Author's Note: The Brod Rod, I had intended to post Kitty's tale after Ember because of the way they were connected by Johnny, but I had a flash of inspiration for a Dan chapter and wanted to get it out there before I forgot anything. And now the Kitty chapter has been delayed even more because I've constructed yet another headcanon – one about Danny's origins and how he may be related to Timmy Turner. Please read and review!
Maddie Fenton
What a ridiculous question to ask a mother! I love all my children more than anyone else! What other answer can I give?
All right, I suppose Jack's on the same level, but that's a different kind of love. Ahem.

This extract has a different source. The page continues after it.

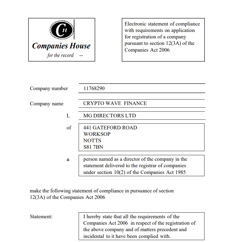 According to its website, CRYPTO WAVE FINANCE claims that regulated by Companies House(CH) with registration number 11768290. However, after verification, we found that the company information under the number did not match it.

The love I have for Danny is usually best expressed by worrying about him. He was a pretty sensitive kid, nothing like those rowdy boys at elementary school. I'm sure he cried more than Jazz did when she was a baby. It also took him much longer to get over his fear of the dark. If I had to count the number of times he's woken us all up by yelling that the monsters were going to get him unless somebody turned the light back on, I'd run out of fingers and toes.
But I really shouldn't stress anymore. While I was too busy brooding over the slipping grades and missed curfews, he was secretly growing and maturing. I know now that he's mastered his powers, he carries the Fenton Thermos wherever he goes, and Jazz and Danielle and Sam and Tucker will always have his back. He's got this.
Even if he wasn't a universally-adored superhero, I wouldn't change him for the world.
I don't think he understands that. Why would he? Before the Accident, Jazz got all the attention for her academic promise, while Danny seemed to drift along behind us doing nothing remarkable. After the Accident, Jack and I gave him more attention – by chasing him through the streets trying to tear him apart. What kind of message does that send to a kid? "Unless you're gifted with intelligence (like the sister who is superior to you in every way), we might not love you. But don't have a freak lab accident you couldn't have foreseen and then try to make the best of it by being a hero. Then we definitely won't love you."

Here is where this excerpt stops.